╔══
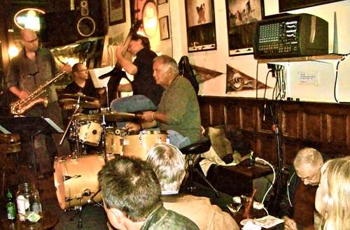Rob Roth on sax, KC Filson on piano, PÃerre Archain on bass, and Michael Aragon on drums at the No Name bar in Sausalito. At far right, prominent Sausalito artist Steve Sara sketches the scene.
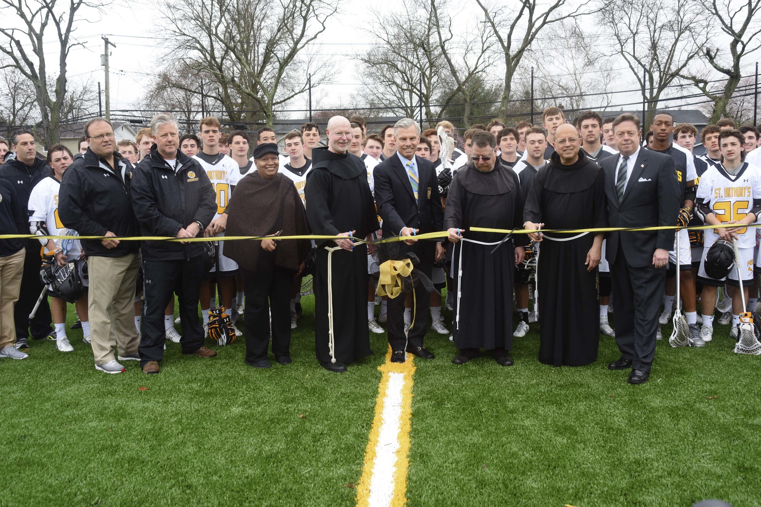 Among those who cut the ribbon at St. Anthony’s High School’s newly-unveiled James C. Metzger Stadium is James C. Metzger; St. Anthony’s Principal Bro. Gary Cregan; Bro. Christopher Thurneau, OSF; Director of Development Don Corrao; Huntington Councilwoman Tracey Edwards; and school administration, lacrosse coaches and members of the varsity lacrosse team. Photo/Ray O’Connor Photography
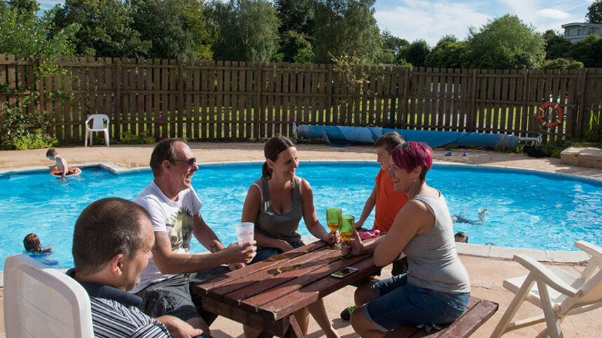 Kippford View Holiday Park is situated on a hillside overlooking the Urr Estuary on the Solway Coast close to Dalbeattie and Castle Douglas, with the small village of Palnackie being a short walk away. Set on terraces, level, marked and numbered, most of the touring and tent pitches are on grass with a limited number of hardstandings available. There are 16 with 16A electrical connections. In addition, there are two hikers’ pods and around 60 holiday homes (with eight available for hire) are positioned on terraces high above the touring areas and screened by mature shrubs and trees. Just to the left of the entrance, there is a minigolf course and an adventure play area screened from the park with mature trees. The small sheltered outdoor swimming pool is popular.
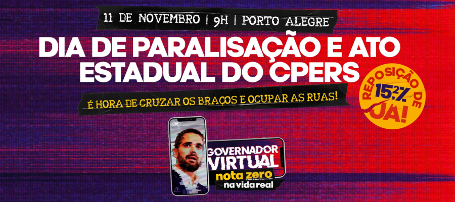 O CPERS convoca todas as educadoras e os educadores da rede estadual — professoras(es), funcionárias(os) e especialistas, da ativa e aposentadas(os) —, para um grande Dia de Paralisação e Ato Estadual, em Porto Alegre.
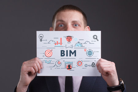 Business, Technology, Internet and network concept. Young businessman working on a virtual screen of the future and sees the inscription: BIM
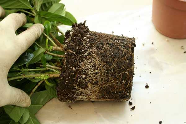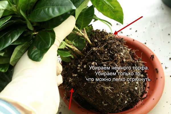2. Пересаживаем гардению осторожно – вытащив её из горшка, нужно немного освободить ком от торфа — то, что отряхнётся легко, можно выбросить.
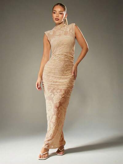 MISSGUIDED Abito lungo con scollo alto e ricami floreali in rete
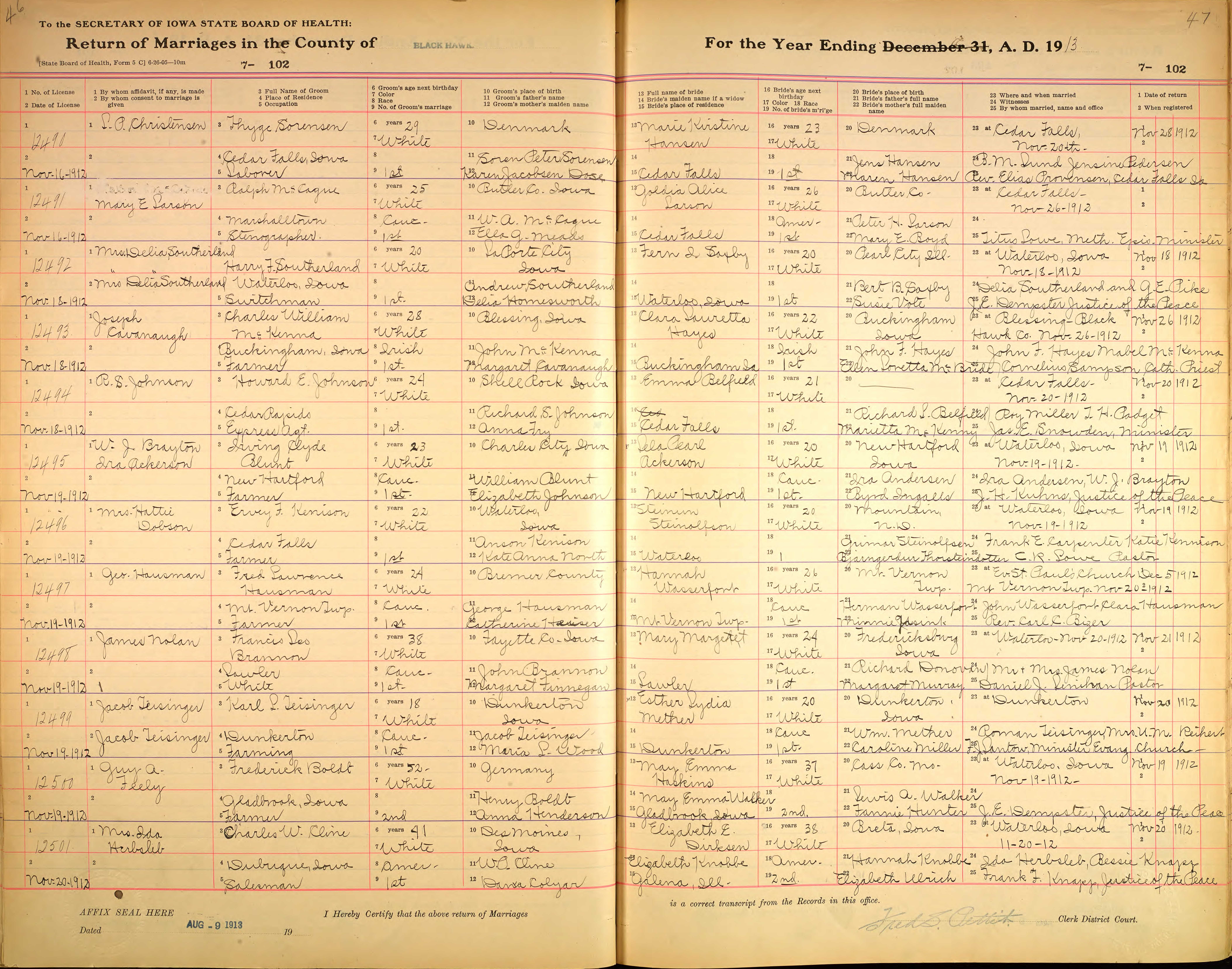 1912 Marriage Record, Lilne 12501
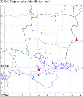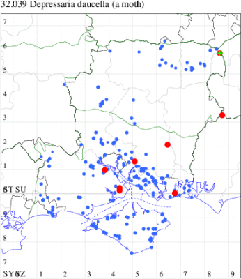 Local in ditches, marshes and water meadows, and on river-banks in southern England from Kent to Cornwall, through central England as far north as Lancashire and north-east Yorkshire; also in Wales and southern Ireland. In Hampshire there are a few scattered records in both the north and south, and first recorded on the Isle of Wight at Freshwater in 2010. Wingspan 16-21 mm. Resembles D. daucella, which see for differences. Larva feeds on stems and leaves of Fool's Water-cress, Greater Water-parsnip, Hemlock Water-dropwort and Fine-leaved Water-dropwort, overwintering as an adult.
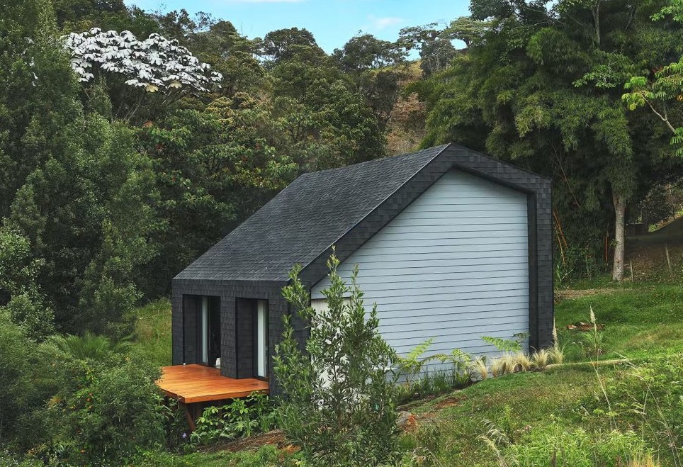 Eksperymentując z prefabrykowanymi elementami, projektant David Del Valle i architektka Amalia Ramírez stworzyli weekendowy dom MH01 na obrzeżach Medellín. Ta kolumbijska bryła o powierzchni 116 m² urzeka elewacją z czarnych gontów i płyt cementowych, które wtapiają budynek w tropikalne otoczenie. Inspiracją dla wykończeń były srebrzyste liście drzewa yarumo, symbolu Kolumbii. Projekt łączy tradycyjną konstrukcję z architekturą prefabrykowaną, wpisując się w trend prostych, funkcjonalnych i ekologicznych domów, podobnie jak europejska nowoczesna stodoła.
╚══
╔══
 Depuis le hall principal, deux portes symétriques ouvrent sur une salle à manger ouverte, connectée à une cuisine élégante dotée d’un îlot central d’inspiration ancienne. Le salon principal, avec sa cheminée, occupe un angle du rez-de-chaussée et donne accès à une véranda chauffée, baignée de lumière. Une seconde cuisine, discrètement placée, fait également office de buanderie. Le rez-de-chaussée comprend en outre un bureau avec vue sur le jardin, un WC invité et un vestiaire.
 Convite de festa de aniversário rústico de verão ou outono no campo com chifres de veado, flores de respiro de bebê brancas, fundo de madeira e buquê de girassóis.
╚══
All that is wanted is the lines above between the one containing "MISSGUIDED Abito lungo" and the one containing "Local in ditches, marshes", inclusive, restated word for word, with pictures omitted.

- TASK OUTPUT -
 MISSGUIDED Abito lungo con scollo alto e ricami floreali in rete
 1912 Marriage Record, Lilne 12501
 Local in ditches, marshes and water meadows, and on river-banks in southern England from Kent to Cornwall, through central England as far north as Lancashire and north-east Yorkshire; also in Wales and southern Ireland. In Hampshire there are a few scattered records in both the north and south, and first recorded on the Isle of Wight at Freshwater in 2010. Wingspan 16-21 mm. Resembles D. daucella, which see for differences. Larva feeds on stems and leaves of Fool's Water-cress, Greater Water-parsnip, Hemlock Water-dropwort and Fine-leaved Water-dropwort, overwintering as an adult.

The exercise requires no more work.